The target businesses which were deemed to be loss-making, are active in the retail and wholesale trade of grocery, liquor, and associated items and are wholly owned and controlled by Massmart.
Pick n Pay said in its submissions that there were a host of bidders who expressed interest in these assets from the outset, reports IOL News.
If the process had been allowed to go its proper distance and if the sellers had considered other alternatives, there might have been a range of less anti-competitive alternative buyers for these assets.
The owner of Boxer chain of supermarkets said it also identified store overlaps should the merger be allowed.
It said in previous cases the Competition Commission made sure that there were 1.5km to 3km radius between the target stores.
“So what is the real extent of the store overlap? If you look at it on a 2km radius, there are about 53 overlaps and if you look at it on a 3km radius, there are about 55 overlaps…
“It appears to us that the commission’s assessment on 3km radii showed about 38 local areas… For which you would have combined shares above 35 percent,” Pick n Pay said.
Meanwhile, Spar said the merger would produce serious negative consequences for competition and there would also be employment losses if the merger was approved.
In its submission, it said, “The independent Spar retailers who will be most affected by Shoprite acquisition of the targeted stores have explained that if the merger is approved, they will likely suffer an impact on the turnover, have to retrain staff to cut costs and that they will face a real threat to the significant personal investments that they’ve made in those stores.”

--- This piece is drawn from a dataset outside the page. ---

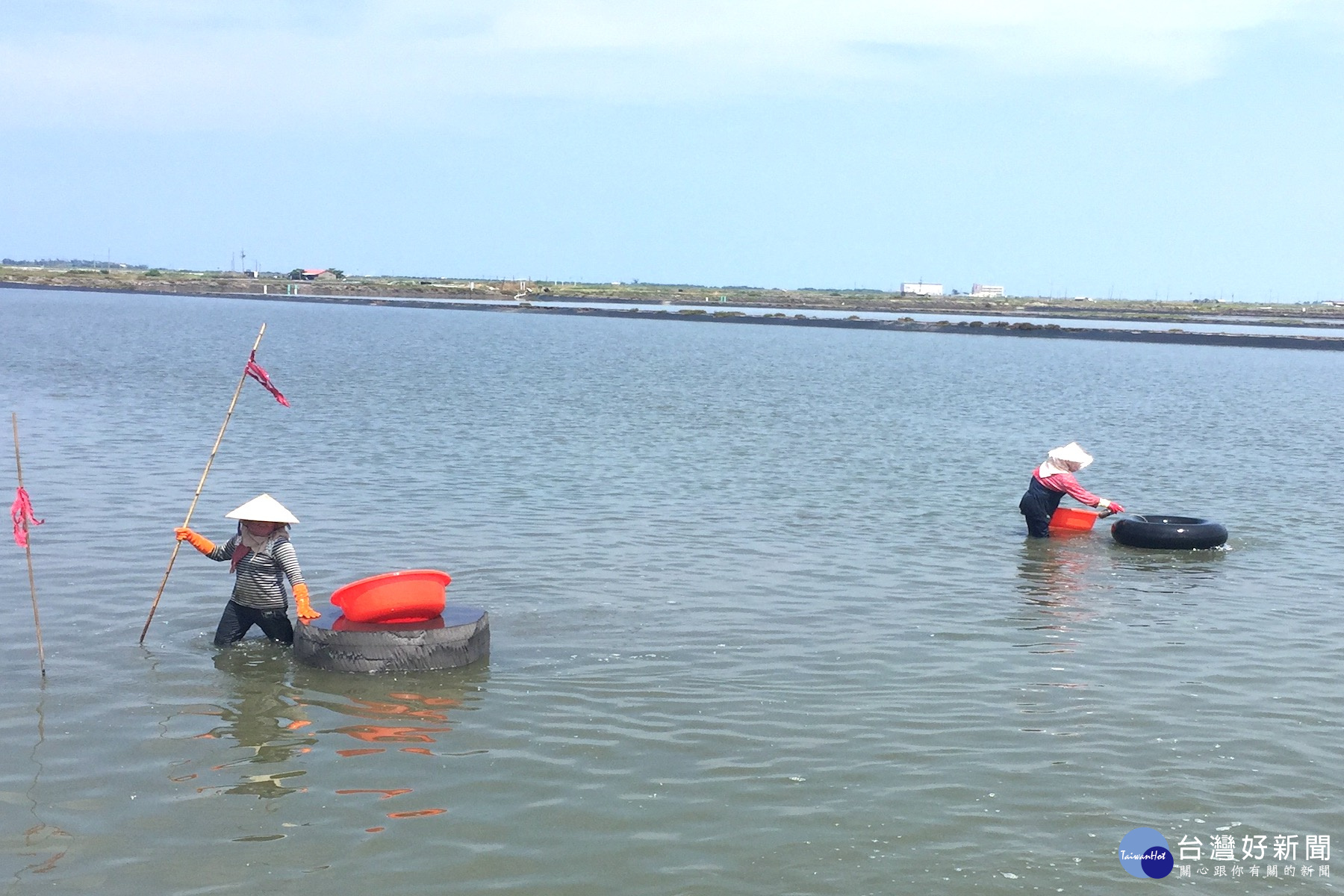 養殖池是汪洋一片,沒有陸地耕種方式用畫線或訂標誌劃分區域是否撒種過,文蛤撒苗一族婦人拿著頭綁有紅布條竹子插在泥濘塭土,邊作記號、邊撒苗,剛還在學習的新住民跟著老師傅後面走,半天下來完成約三公頃大的撒文蛤苗工作。
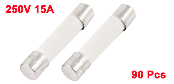 90 Pcs 250V 15A 6mmx30mm Cylindrical Ceramic Tube Fuses Link

This comes after the Competition Commission gave node to the R1.36 billion (US$78m) deal, recommending the Competition Tribunal to approve the sale.
Backing its decision, the Competition Commission said it could not compel businesses to keep non-performing stores open.
It said it had seen that there was an attempt by Massmart in 2021 to try to ramp up or turn around particular stores.
“We’ve tried to indicate that although the target businesses are loss-making, we haven’t certainly made the case that they are of no value to other participants.
“And of course, that is evident from the bidding process as well. What we have said is that there has been a process.
We have in our report also indicated that merging parties will choose the most anti-competitive outcome,” it said.
The commission said the seller, Massmart, indicated that they could not continue to sustain and carry these businesses, “and any other outcome would simply close (the loss-making stores), because that was the most commercially viable outcome”.
According to the commission, it made a call on recommending approval of the transaction based on what was the best outcome for a vulnerable group, which is the employees, and it’s also in the public interest.